## EXERCISE GOAL:
Write out the records again exactly and exclude the pictures.

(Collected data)
_____

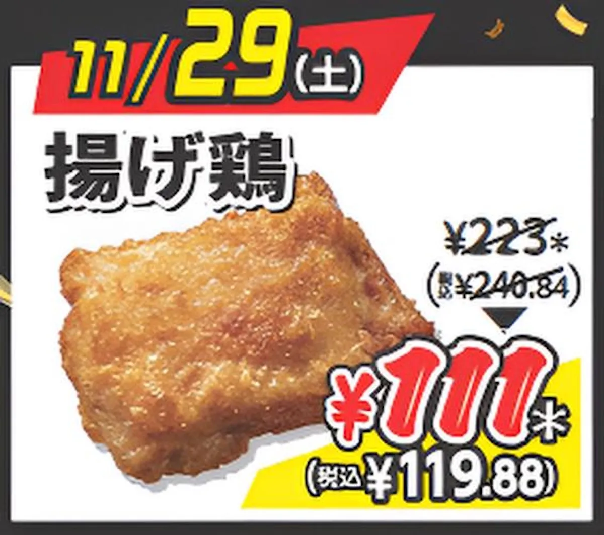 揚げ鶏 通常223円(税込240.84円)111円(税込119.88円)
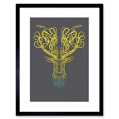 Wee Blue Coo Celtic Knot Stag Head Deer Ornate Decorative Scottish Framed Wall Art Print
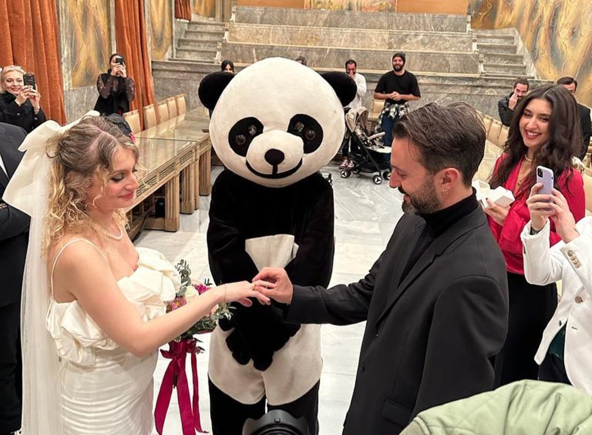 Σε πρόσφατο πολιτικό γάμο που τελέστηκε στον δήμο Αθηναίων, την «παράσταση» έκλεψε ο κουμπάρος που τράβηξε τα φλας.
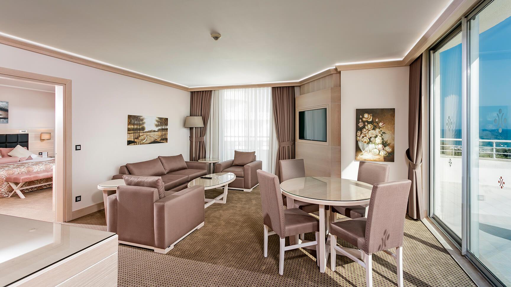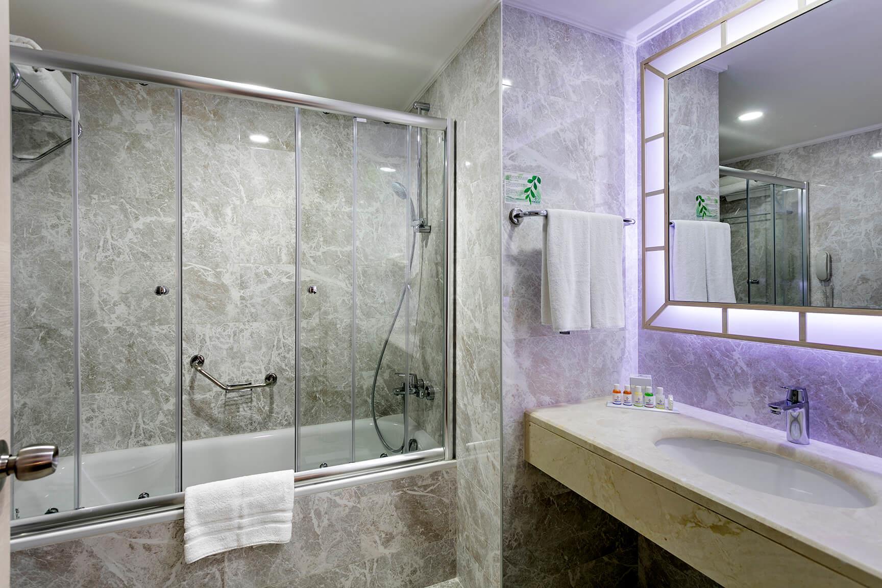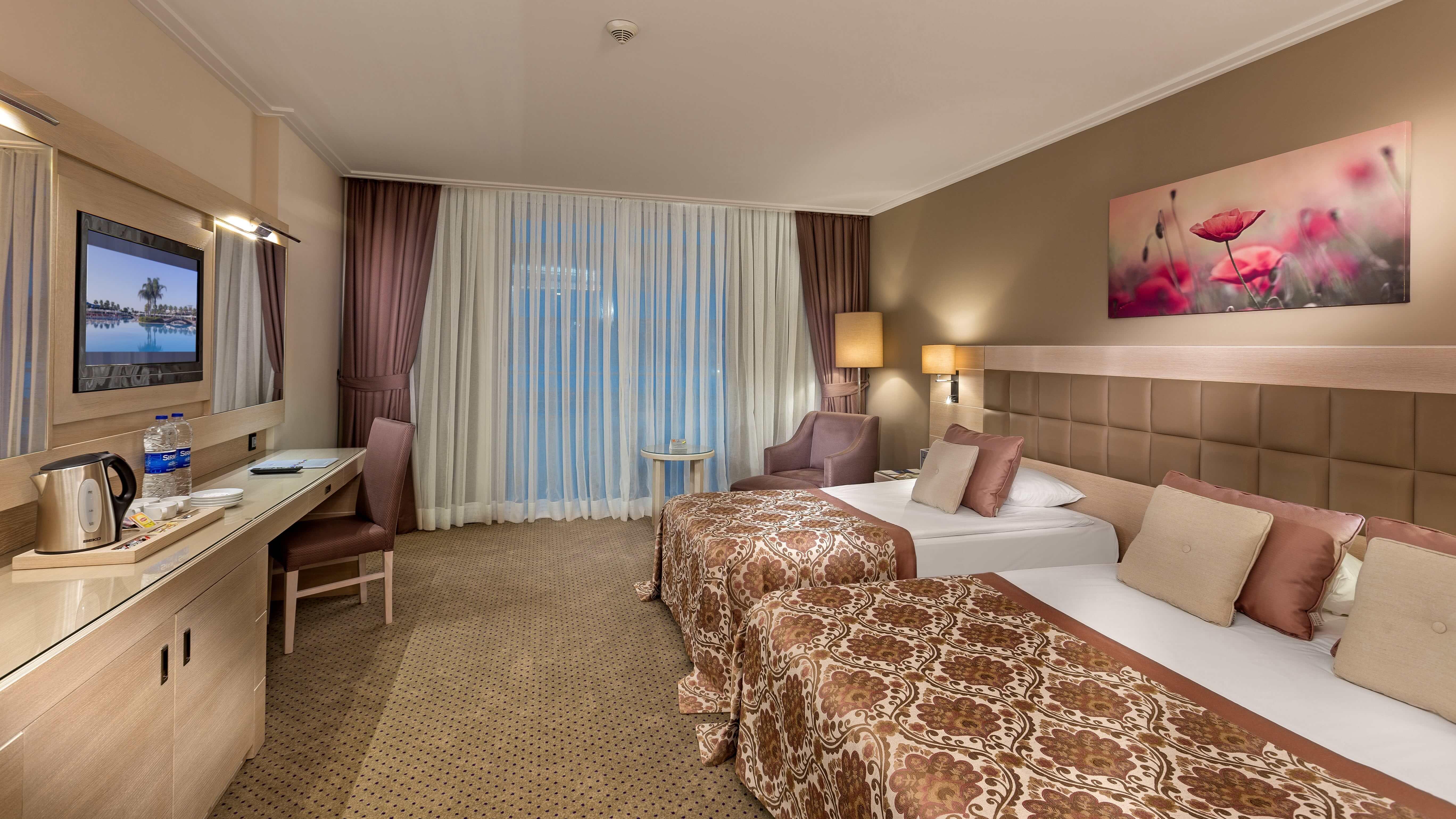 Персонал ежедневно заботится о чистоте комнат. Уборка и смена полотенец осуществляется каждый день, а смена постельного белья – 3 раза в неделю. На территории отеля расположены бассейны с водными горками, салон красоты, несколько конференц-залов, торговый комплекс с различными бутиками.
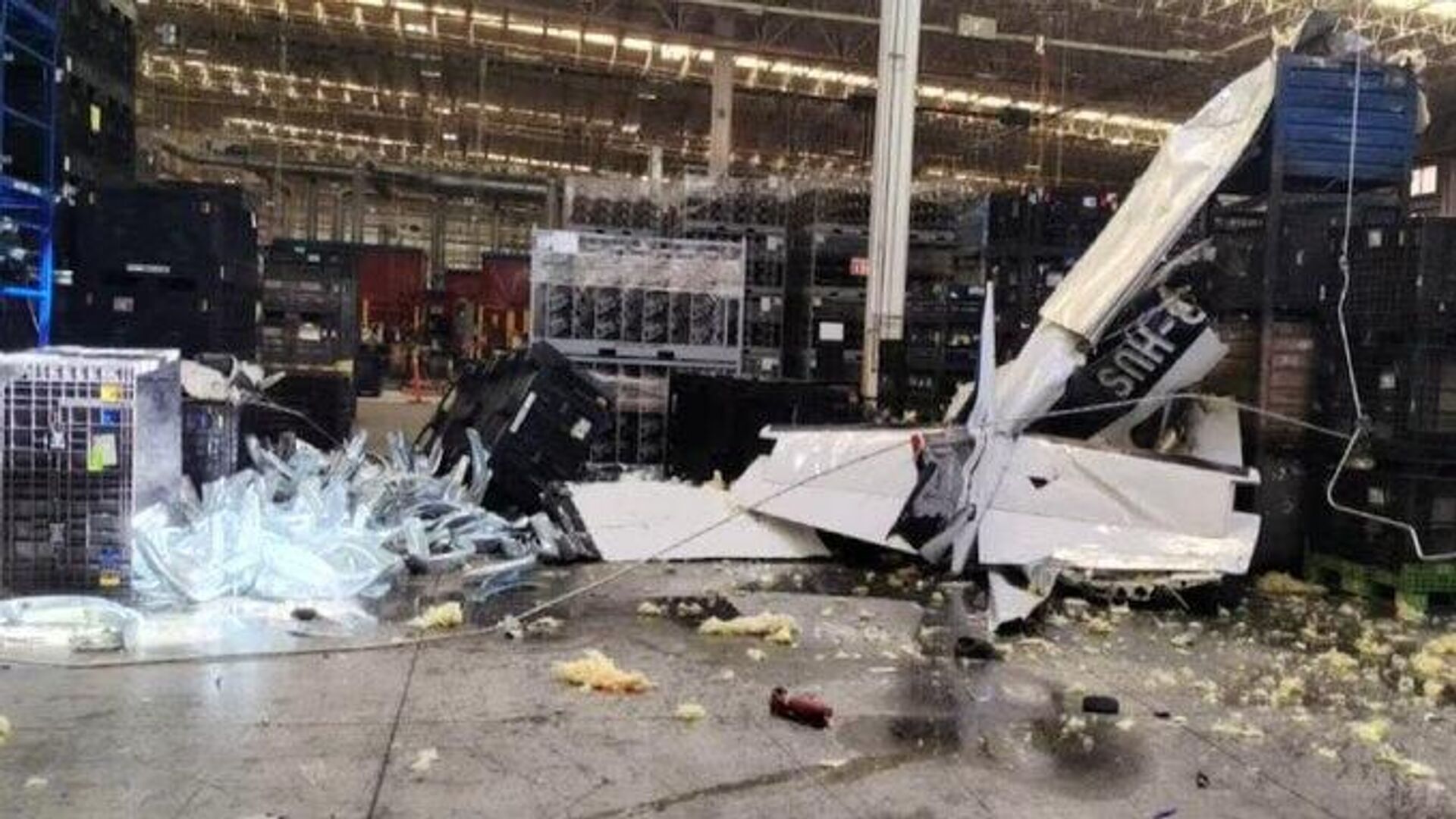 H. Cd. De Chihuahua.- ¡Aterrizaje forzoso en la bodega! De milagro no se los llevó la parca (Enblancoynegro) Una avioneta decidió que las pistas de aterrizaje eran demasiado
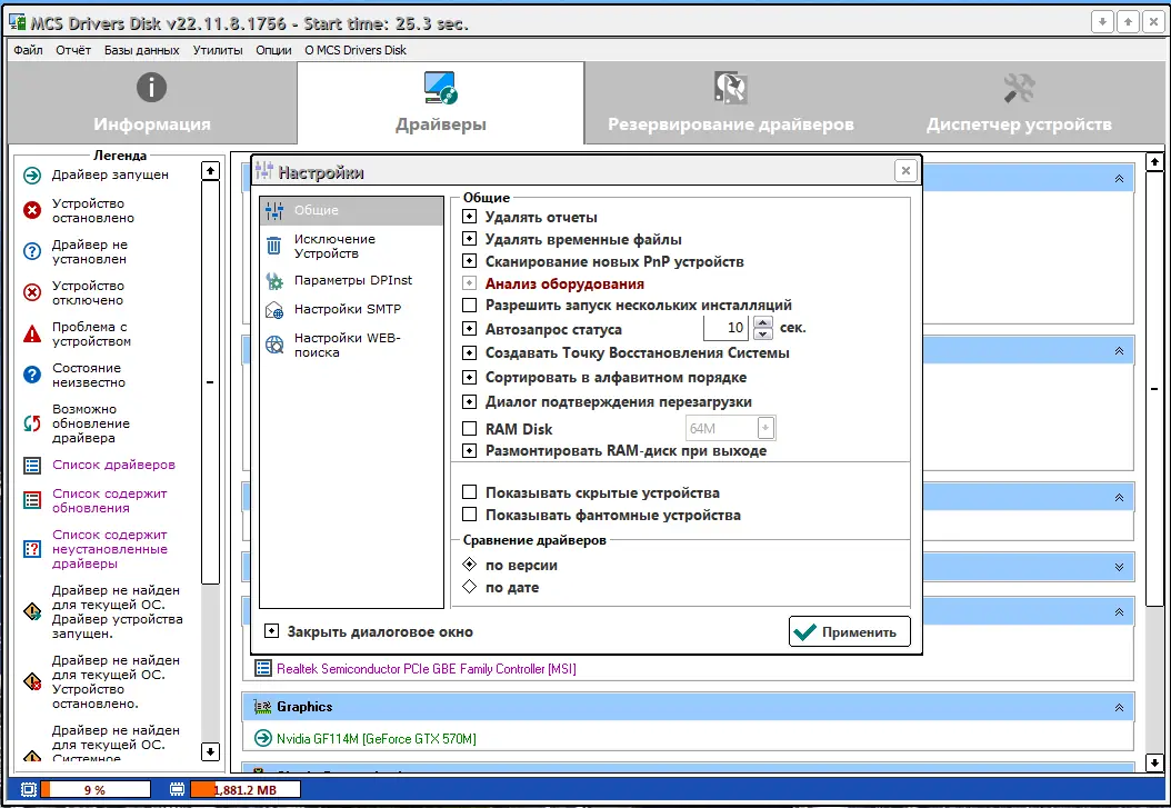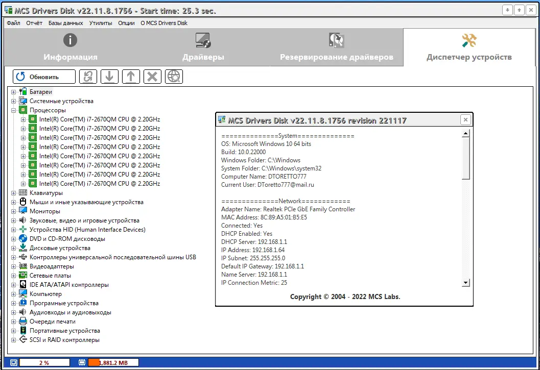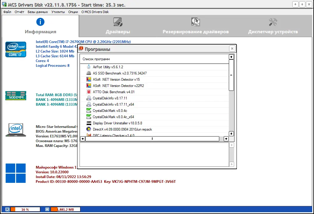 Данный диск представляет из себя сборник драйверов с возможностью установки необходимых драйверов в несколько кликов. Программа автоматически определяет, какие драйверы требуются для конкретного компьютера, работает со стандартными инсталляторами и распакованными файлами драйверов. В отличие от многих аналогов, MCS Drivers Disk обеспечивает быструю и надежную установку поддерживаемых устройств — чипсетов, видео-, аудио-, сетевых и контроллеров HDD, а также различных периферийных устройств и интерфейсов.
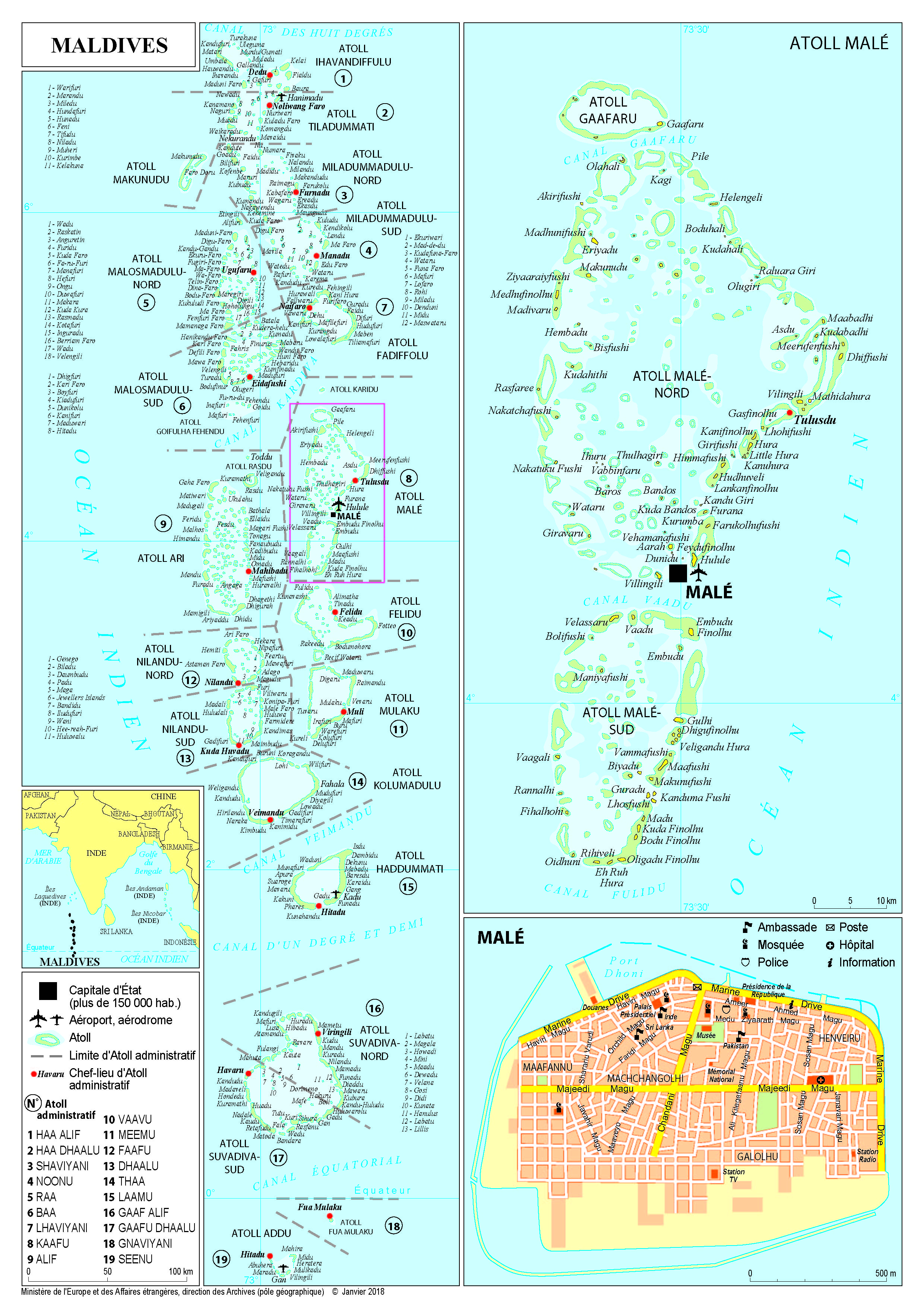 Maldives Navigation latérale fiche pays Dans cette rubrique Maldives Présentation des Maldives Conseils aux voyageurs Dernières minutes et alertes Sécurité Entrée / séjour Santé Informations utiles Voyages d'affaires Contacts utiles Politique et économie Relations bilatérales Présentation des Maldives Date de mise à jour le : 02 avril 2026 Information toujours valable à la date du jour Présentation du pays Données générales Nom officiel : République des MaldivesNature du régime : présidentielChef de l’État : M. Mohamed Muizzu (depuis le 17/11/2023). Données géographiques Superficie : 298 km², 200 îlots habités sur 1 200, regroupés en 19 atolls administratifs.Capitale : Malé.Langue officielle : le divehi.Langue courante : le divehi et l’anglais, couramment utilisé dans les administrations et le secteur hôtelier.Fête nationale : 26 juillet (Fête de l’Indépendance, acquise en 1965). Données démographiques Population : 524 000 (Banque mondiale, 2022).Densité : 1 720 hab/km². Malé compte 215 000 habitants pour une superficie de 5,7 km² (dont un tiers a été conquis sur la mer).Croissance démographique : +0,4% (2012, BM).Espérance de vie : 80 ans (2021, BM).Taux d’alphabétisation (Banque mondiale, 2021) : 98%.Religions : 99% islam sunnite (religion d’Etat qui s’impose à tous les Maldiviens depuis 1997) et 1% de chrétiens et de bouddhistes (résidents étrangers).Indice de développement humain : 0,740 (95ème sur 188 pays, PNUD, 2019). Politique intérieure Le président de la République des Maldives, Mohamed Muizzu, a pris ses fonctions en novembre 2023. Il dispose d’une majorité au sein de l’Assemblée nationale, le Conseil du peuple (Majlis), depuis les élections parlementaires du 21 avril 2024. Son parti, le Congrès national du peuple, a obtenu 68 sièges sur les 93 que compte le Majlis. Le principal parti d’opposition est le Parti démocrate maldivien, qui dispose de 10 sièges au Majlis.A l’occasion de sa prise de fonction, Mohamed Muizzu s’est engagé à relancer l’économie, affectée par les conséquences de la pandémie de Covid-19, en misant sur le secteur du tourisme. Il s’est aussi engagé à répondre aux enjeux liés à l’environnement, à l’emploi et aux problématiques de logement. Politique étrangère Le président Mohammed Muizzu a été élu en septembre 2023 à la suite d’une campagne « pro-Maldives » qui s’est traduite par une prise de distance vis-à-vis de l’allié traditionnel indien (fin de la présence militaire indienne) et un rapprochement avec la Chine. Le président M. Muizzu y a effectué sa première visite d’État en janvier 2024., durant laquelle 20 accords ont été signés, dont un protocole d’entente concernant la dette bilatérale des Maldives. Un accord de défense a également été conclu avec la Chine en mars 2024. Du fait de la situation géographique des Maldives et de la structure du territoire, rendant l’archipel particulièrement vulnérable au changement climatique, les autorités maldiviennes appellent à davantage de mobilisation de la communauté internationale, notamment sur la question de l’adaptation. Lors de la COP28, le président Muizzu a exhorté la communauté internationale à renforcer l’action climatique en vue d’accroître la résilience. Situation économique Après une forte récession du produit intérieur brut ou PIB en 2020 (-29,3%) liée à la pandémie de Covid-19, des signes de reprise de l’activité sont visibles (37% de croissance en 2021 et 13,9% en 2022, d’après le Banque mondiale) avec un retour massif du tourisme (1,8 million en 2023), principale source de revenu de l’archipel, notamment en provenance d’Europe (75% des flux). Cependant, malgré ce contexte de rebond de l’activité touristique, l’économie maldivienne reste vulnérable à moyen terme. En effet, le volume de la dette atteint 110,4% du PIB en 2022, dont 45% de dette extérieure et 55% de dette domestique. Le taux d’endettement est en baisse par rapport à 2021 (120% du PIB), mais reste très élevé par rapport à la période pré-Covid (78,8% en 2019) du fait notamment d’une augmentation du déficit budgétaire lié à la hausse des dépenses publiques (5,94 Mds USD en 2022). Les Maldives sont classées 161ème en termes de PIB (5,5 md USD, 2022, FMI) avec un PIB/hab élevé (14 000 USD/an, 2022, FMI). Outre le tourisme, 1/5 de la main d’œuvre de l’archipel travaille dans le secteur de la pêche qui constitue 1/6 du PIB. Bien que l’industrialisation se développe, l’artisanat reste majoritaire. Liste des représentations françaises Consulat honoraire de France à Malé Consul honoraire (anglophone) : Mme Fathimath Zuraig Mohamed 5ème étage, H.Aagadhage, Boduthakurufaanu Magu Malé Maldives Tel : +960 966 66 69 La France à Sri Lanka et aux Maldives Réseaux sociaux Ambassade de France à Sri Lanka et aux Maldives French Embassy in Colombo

_____

## SOLUTION FOR THIS PROBLEM:
 揚げ鶏 通常223円(税込240.84円)111円(税込119.88円)
 Wee Blue Coo Celtic Knot Stag Head Deer Ornate Decorative Scottish Framed Wall Art Print
 Σε πρόσφατο πολιτικό γάμο που τελέστηκε στον δήμο Αθηναίων, την «παράσταση» έκλεψε ο κουμπάρος που τράβηξε τα φλας.
 Персонал ежедневно заботится о чистоте комнат. Уборка и смена полотенец осуществляется каждый день, а смена постельного белья – 3 раза в неделю. На территории отеля расположены бассейны с водными горками, салон красоты, несколько конференц-залов, торговый комплекс с различными бутиками.
 H. Cd. De Chihuahua.- ¡Aterrizaje forzoso en la bodega! De milagro no se los llevó la parca (Enblancoynegro) Una avioneta decidió que las pistas de aterrizaje eran demasiado
 Данный диск представляет из себя сборник драйверов с возможностью установки необходимых драйверов в несколько кликов. Программа автоматически определяет, какие драйверы требуются для конкретного компьютера, работает со стандартными инсталляторами и распакованными файлами драйверов. В отличие от многих аналогов, MCS Drivers Disk обеспечивает быструю и надежную установку поддерживаемых устройств — чипсетов, видео-, аудио-, сетевых и контроллеров HDD, а также различных периферийных устройств и интерфейсов.
 Maldives Navigation latérale fiche pays Dans cette rubrique Maldives Présentation des Maldives Conseils aux voyageurs Dernières minutes et alertes Sécurité Entrée / séjour Santé Informations utiles Voyages d'affaires Contacts utiles Politique et économie Relations bilatérales Présentation des Maldives Date de mise à jour le : 02 avril 2026 Information toujours valable à la date du jour Présentation du pays Données générales Nom officiel : République des MaldivesNature du régime : présidentielChef de l’État : M. Mohamed Muizzu (depuis le 17/11/2023). Données géographiques Superficie : 298 km², 200 îlots habités sur 1 200, regroupés en 19 atolls administratifs.Capitale : Malé.Langue officielle : le divehi.Langue courante : le divehi et l’anglais, couramment utilisé dans les administrations et le secteur hôtelier.Fête nationale : 26 juillet (Fête de l’Indépendance, acquise en 1965). Données démographiques Population : 524 000 (Banque mondiale, 2022).Densité : 1 720 hab/km². Malé compte 215 000 habitants pour une superficie de 5,7 km² (dont un tiers a été conquis sur la mer).Croissance démographique : +0,4% (2012, BM).Espérance de vie : 80 ans (2021, BM).Taux d’alphabétisation (Banque mondiale, 2021) : 98%.Religions : 99% islam sunnite (religion d’Etat qui s’impose à tous les Maldiviens depuis 1997) et 1% de chrétiens et de bouddhistes (résidents étrangers).Indice de développement humain : 0,740 (95ème sur 188 pays, PNUD, 2019). Politique intérieure Le président de la République des Maldives, Mohamed Muizzu, a pris ses fonctions en novembre 2023. Il dispose d’une majorité au sein de l’Assemblée nationale, le Conseil du peuple (Majlis), depuis les élections parlementaires du 21 avril 2024. Son parti, le Congrès national du peuple, a obtenu 68 sièges sur les 93 que compte le Majlis. Le principal parti d’opposition est le Parti démocrate maldivien, qui dispose de 10 sièges au Majlis.A l’occasion de sa prise de fonction, Mohamed Muizzu s’est engagé à relancer l’économie, affectée par les conséquences de la pandémie de Covid-19, en misant sur le secteur du tourisme. Il s’est aussi engagé à répondre aux enjeux liés à l’environnement, à l’emploi et aux problématiques de logement. Politique étrangère Le président Mohammed Muizzu a été élu en septembre 2023 à la suite d’une campagne « pro-Maldives » qui s’est traduite par une prise de distance vis-à-vis de l’allié traditionnel indien (fin de la présence militaire indienne) et un rapprochement avec la Chine. Le président M. Muizzu y a effectué sa première visite d’État en janvier 2024., durant laquelle 20 accords ont été signés, dont un protocole d’entente concernant la dette bilatérale des Maldives. Un accord de défense a également été conclu avec la Chine en mars 2024. Du fait de la situation géographique des Maldives et de la structure du territoire, rendant l’archipel particulièrement vulnérable au changement climatique, les autorités maldiviennes appellent à davantage de mobilisation de la communauté internationale, notamment sur la question de l’adaptation. Lors de la COP28, le président Muizzu a exhorté la communauté internationale à renforcer l’action climatique en vue d’accroître la résilience. Situation économique Après une forte récession du produit intérieur brut ou PIB en 2020 (-29,3%) liée à la pandémie de Covid-19, des signes de reprise de l’activité sont visibles (37% de croissance en 2021 et 13,9% en 2022, d’après le Banque mondiale) avec un retour massif du tourisme (1,8 million en 2023), principale source de revenu de l’archipel, notamment en provenance d’Europe (75% des flux). Cependant, malgré ce contexte de rebond de l’activité touristique, l’économie maldivienne reste vulnérable à moyen terme. En effet, le volume de la dette atteint 110,4% du PIB en 2022, dont 45% de dette extérieure et 55% de dette domestique. Le taux d’endettement est en baisse par rapport à 2021 (120% du PIB), mais reste très élevé par rapport à la période pré-Covid (78,8% en 2019) du fait notamment d’une augmentation du déficit budgétaire lié à la hausse des dépenses publiques (5,94 Mds USD en 2022). Les Maldives sont classées 161ème en termes de PIB (5,5 md USD, 2022, FMI) avec un PIB/hab élevé (14 000 USD/an, 2022, FMI). Outre le tourisme, 1/5 de la main d’œuvre de l’archipel travaille dans le secteur de la pêche qui constitue 1/6 du PIB. Bien que l’industrialisation se développe, l’artisanat reste majoritaire. Liste des représentations françaises Consulat honoraire de France à Malé Consul honoraire (anglophone) : Mme Fathimath Zuraig Mohamed 5ème étage, H.Aagadhage, Boduthakurufaanu Magu Malé Maldives Tel : +960 966 66 69 La France à Sri Lanka et aux Maldives Réseaux sociaux Ambassade de France à Sri Lanka et aux Maldives French Embassy in Colombo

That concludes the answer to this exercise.